Mainly the Court of International Trade, but some of it was like NAFTA panels. We do NAFTA appeals at the time. Dewey Ballantine historically represented petitioners, meaning American industry. We represented the lumber industry against Canada or Quebec. We would represent the steel industry against steel manufacturers from around the world, from the UK to France and China. You name it.

We had specialties like photographic film and paper. We represented Kodak in disputes against Fujifilm and paper. It was a highly specialized practice. It really only existed in Washington, DC, and in New York. At some point, I realized that I was really driving myself into a very small niche. My ability to find clients was going to be negligible. I took opportunities. Did you work for a big firm out of law school?

I did. It is funny because my path was five years in big law, corporate M&A. This was the plan from the beginning. I am going to do a five-year corporate M&A. I am going to go in-house. I am going to rise up and become a GC. Hardly anybody. I thought that was just like the normal path. Hardly anybody I have interviewed.

They did not get that memo. Joe, why didn’t you call me? That would have saved me a lot of time. Trust me.

What I thought of as the traditional path to the GC chair. This is what is fascinating to me is like, we are right now in DC, early in your career. How did you get from there to a GC job? That is what fascinates me.

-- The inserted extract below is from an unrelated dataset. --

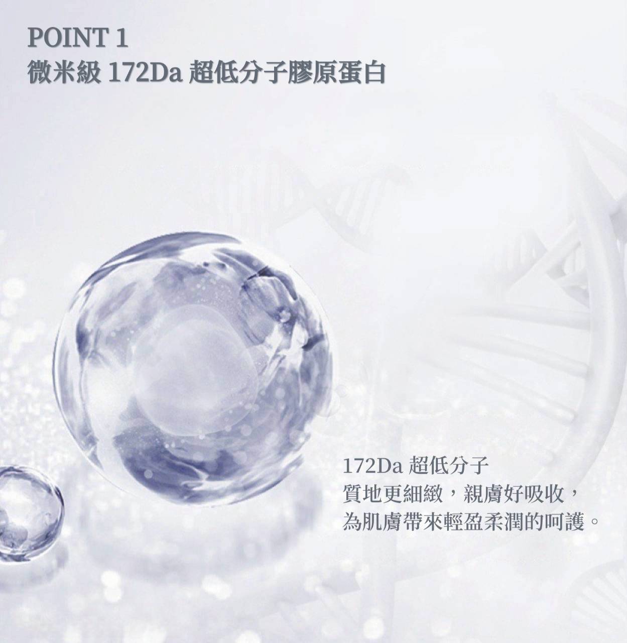 水解膠原 (Hydrolyzed Collagen):滋潤肌膚,提升肌膚彈性,改善乾燥粗糙感

The reason I ask you this question is because I am sure the same thing happened to you, is you would be working and then just in an email, it would go to everyone, not just you, “Would you like to help with Project X? You would have to go to the New York office.” Everyone got those emails. My Neanderthal mind was like, this is a career-limiting move here.

If you are only going to do Title XIX work and you are only going to do Title II work, you either like better have a lot of beer buddies who are like presidential candidates or like steel magnets or something like that. Short of that, you are going to get stuck. I started volunteering for these projects that had a broader application. They would bring me into contact with a broader array of corporate executives, not like super-specialized people.

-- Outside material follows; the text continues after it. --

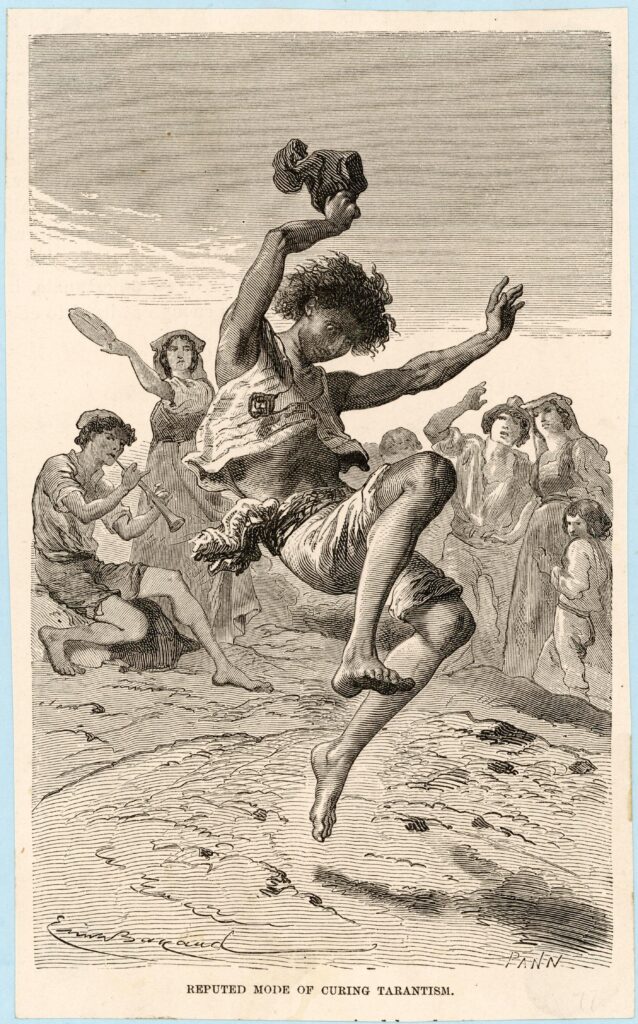 During the 15th to 17th centuries, musicians played different tempos until they found the rhythm that matched the afflicted person’s movements. Once the right beat was discovered, the victim would dance wildly until exhaustion—supposedly curing them of the spider’s effects.

That got me into very large, complex litigation suits. A lot of them were life sciences-oriented, large pharmaceutical companies, health insurance companies, etc. I also tried to volunteer in DC at the local government level. It was called an ANC commissioner. I was an ANC commissioner. People would come to the commission for various reasons. That brought me into contact with some local executives.

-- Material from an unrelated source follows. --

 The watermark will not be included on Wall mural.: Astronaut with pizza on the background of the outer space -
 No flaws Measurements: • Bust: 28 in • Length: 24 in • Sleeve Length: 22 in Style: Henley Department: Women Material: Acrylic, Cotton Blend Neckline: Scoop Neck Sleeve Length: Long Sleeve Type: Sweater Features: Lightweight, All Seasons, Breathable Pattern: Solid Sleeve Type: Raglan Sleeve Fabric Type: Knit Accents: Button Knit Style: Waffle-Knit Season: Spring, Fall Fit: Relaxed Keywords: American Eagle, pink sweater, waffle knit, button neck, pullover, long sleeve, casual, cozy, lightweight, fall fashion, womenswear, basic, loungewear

That is when I started meeting people face-to-face who were not introduced to me by the firm. This was, smash cut to the late 1990s, at this point where AOL was just bursting at the seams. People were leaving the company and creating their own startups. All those startups were like Northern Virginia and Metro DC.

If you were going out to bars and restaurants and doing the business development circuit, you would run into those people. Just by doing that, I got a small group of half a dozen little startup clients that were interested in legal counsel. I excitedly talked to partners at Dewey Ballantine about it. They would roll their eyes. They would be like, “We are not interested in your little start-up. Could you please go?”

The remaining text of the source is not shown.